Advances in nano-drug delivery systems for metallic compounds in cancer therapy: challenges and future perspectives

Abstract

Metallic compounds have shown great promise as anticancer treatments because of their varied mechanisms of action, decreased side effects, and ability to overcome drug resistance. The search for alternative metal-based therapies has been driven by the severe toxicity, drug resistance, and poor selectivity of platinum-based complexes like cisplatin, carboplatin, and oxaliplatin, despite their notable clinical effectiveness. Their clinical translation is made difficult by issues such as off-target toxicity, low absorption, and poor solubility. These findings highlight the potential of nanomedicine to enhance therapeutic efficacy and patient compliance. Similarly, a range of nanocarriers have been investigated for the precise and targeted administration of metallic medications, including polymeric NPs, inorganic materials, and lipid-based, peptide-based, and carbon-based systems.

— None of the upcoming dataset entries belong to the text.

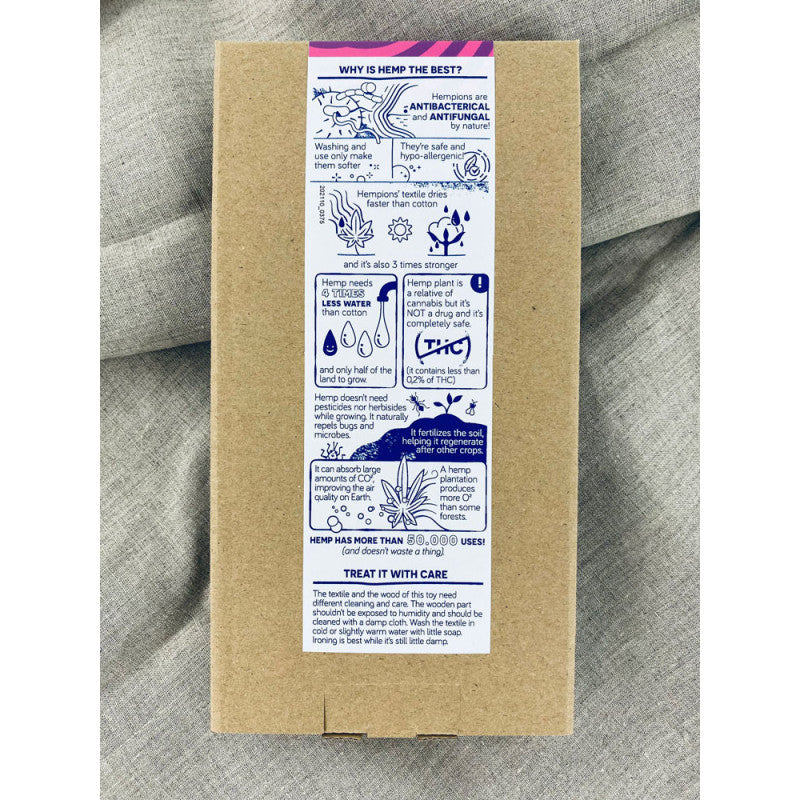 Drewniana część gryzaka ma wygrawerowane wzory, które dziecko może odkrywać paluszkami, rozwijając swoją wrażliwość dotykową. Miękka tkanina konopna dodaje różnorodności w fakturach i jest łatwa w pielęgnacji – można ją odpinać i prać, a co więcej, konopie schną wyjątkowo szybko.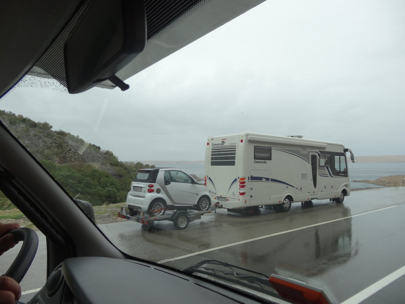 Nach einer ruhigen Nacht gings dann wieder auf Achse Richtung Triest über die Grenze von Slowenien und dann Grenzstation Kroatien, beide Zollämter wurden ohne grosses Interesse der Zöllner durchfahren. So das Navi weisst uns ja den Weg, also kein Problem - bis zu der Tafel - sch.....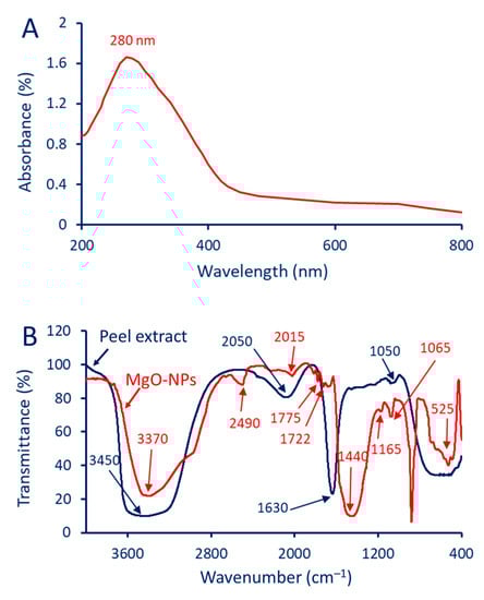 Under these optimum conditions, the presence of a maximum SPR at a wavelength of 280 nm (Figure 1A) revealed the absorption of light by the MgO-NPs at that specific wavelength. SPR occurs when the free electrons on the surface of NPs are excited by incident light. The observation of SPR is a critical factor confirming the successful formation and stability of MgO-NPs. The absorption peak at 280 nm suggests that the NPs in this study possessed unique optical properties related to their size, shape, and composition. The obtained results were in agreement with published data from the literature, which reported that the maximum SPR of MgO-NPs was in the range of 260–280 nm [28,29]. Also, the highest peaks for MgO-NPs synthesized using Tecoma stans (L.) were observed at 281 nm [30]. Prospective MgO-NP sizes are related to SPR, with smaller sizes being observed when SPR is positioned at shorter wavelengths (<300 nm) and larger sizes being found when SPR is located at longer wavelengths (>300 nm) [31].
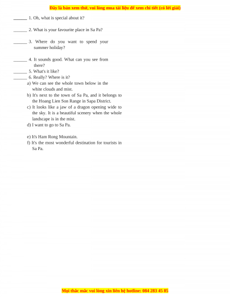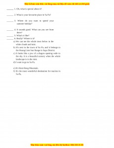 the sky. It is a beautiful scenery when the whole landscape is in the mist. d) I want to go to Sa Pa. e) It's Ham Rong Mountain.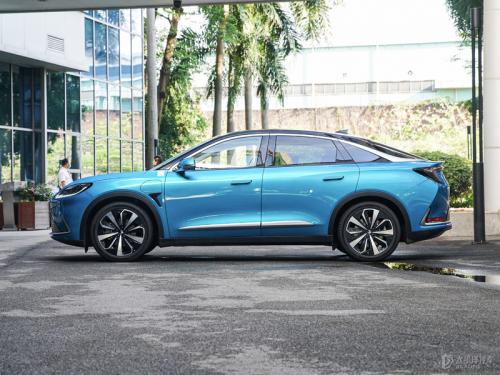 侧面造型设计是阿尔法S的亮点,前后比例均衡、舒展,C柱的设计尽显创意,溜背式车顶和上翘的车尾显得活力十足,更带来0.25Cd的极低风阻系数。黑色轮眉和较高的离地间隙则营造了些许如SUV的硬朗,整体表现出十分独到的美感。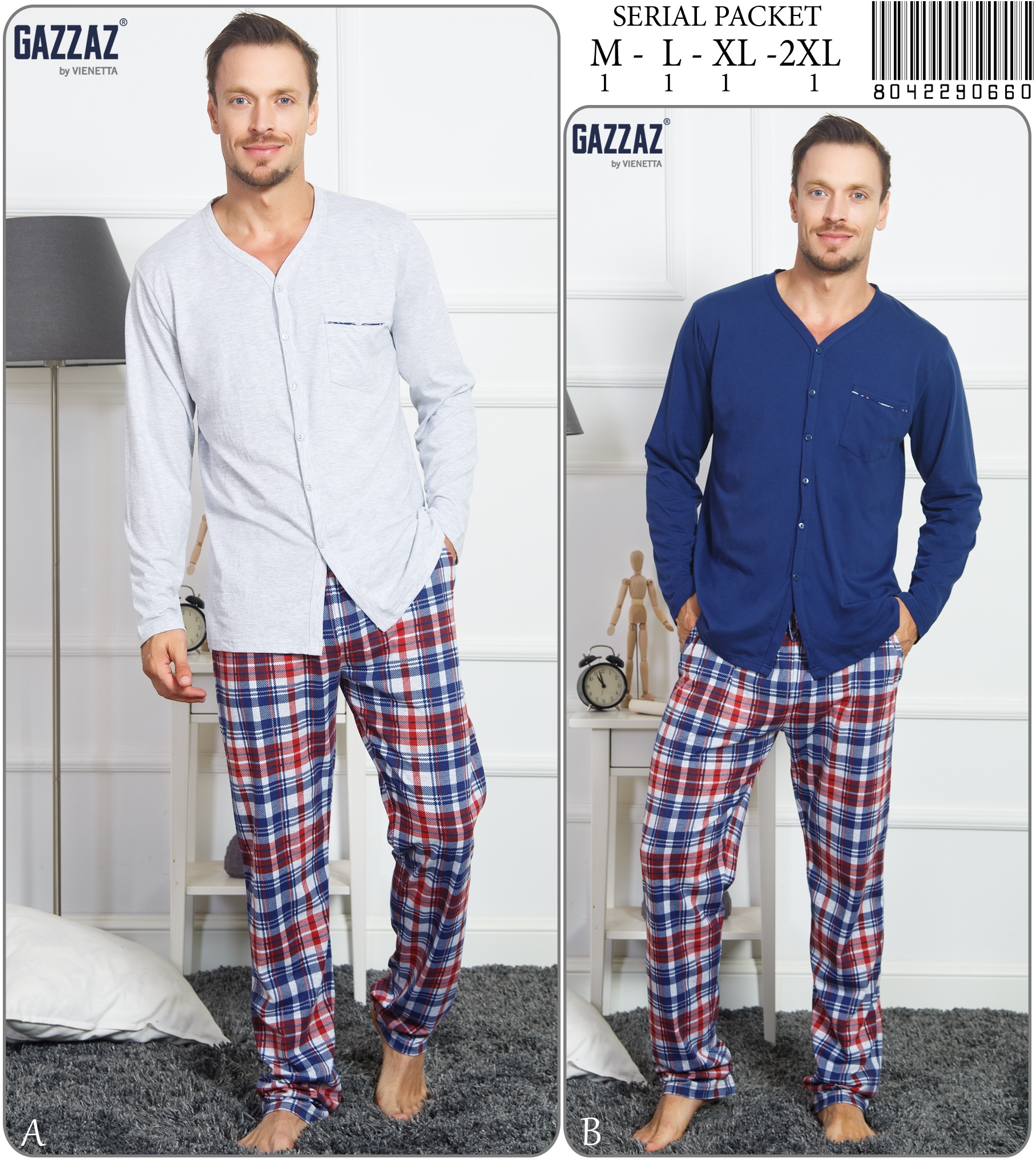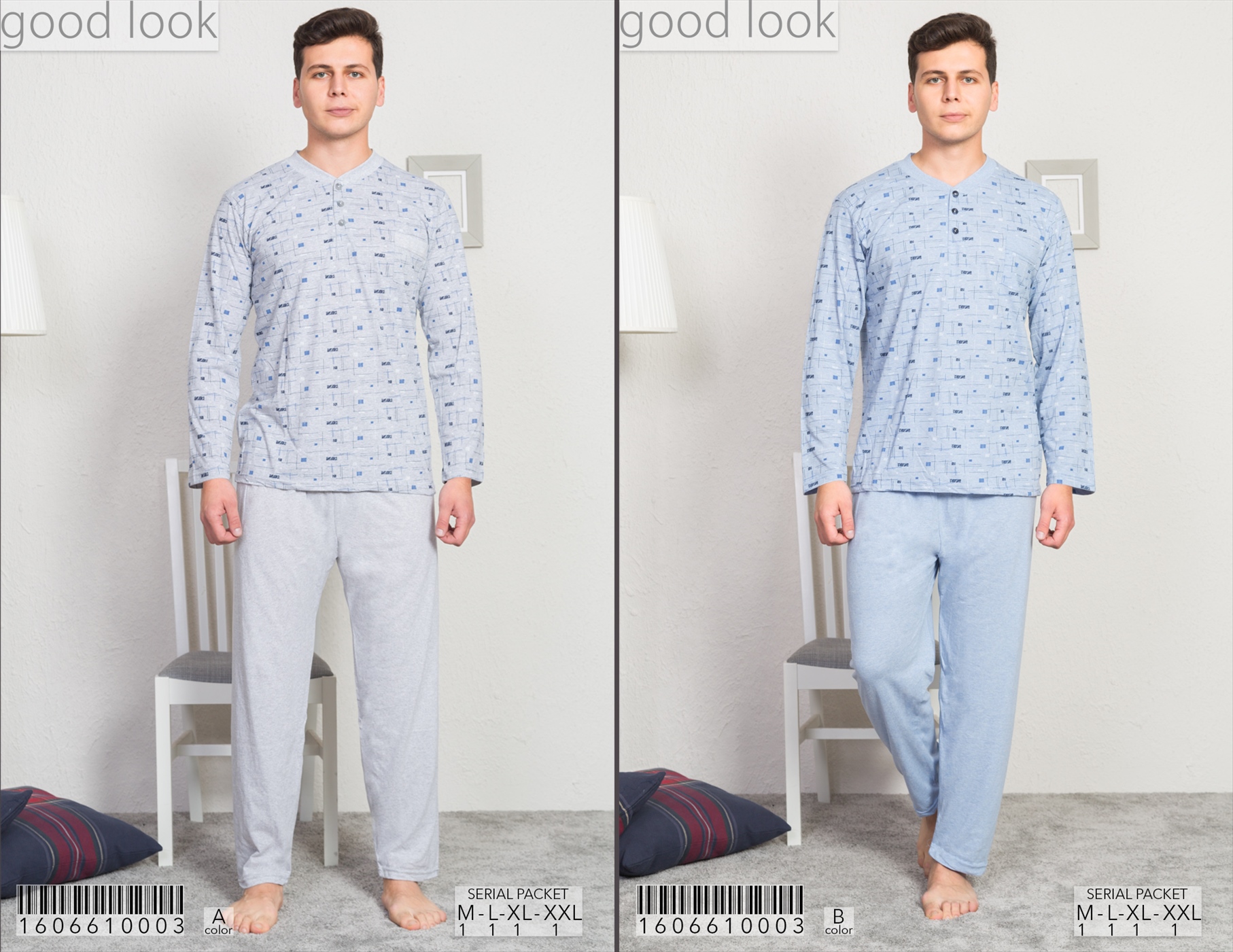 ERKEK UC DUGMELI PIJAMA TAKIM UZUN KOL |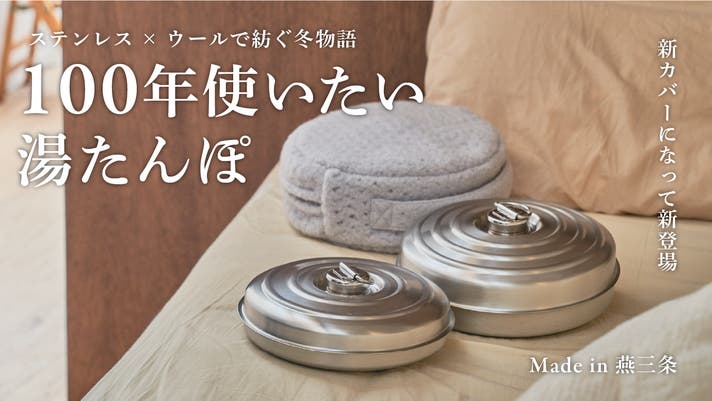 「Makuake(マクアケ)」は、実行者の想いを応援購入によって実現するアタラシイものやサービスのプラットフォームです。このページは、 プロダクトカテゴリの 「暮らしに、心に優しい温かさを。燕三条の技術で作る100年湯たんぽ|新カバー登場」プロジェクト詳細ページです。

These nanocarriers offer several advantages such as enhanced solubility, stability, cellular uptake and biocompatibility while reducing systemic toxicity and ensuring controlled and precise drug release of the metal complexes. This review article emphasizes on the impact of nanomaterials on the delivery of metallic anticancer drugs across various types of cancer. It discusses the key nanocarriers employed for targeted delivery of metal complexes, their effects on malignant cells, existing challenges, and future opportunities for optimizing metallic cancer therapies. Finally, we propose strategies to enhance the efficacy and safety of these nano-based metallic therapies.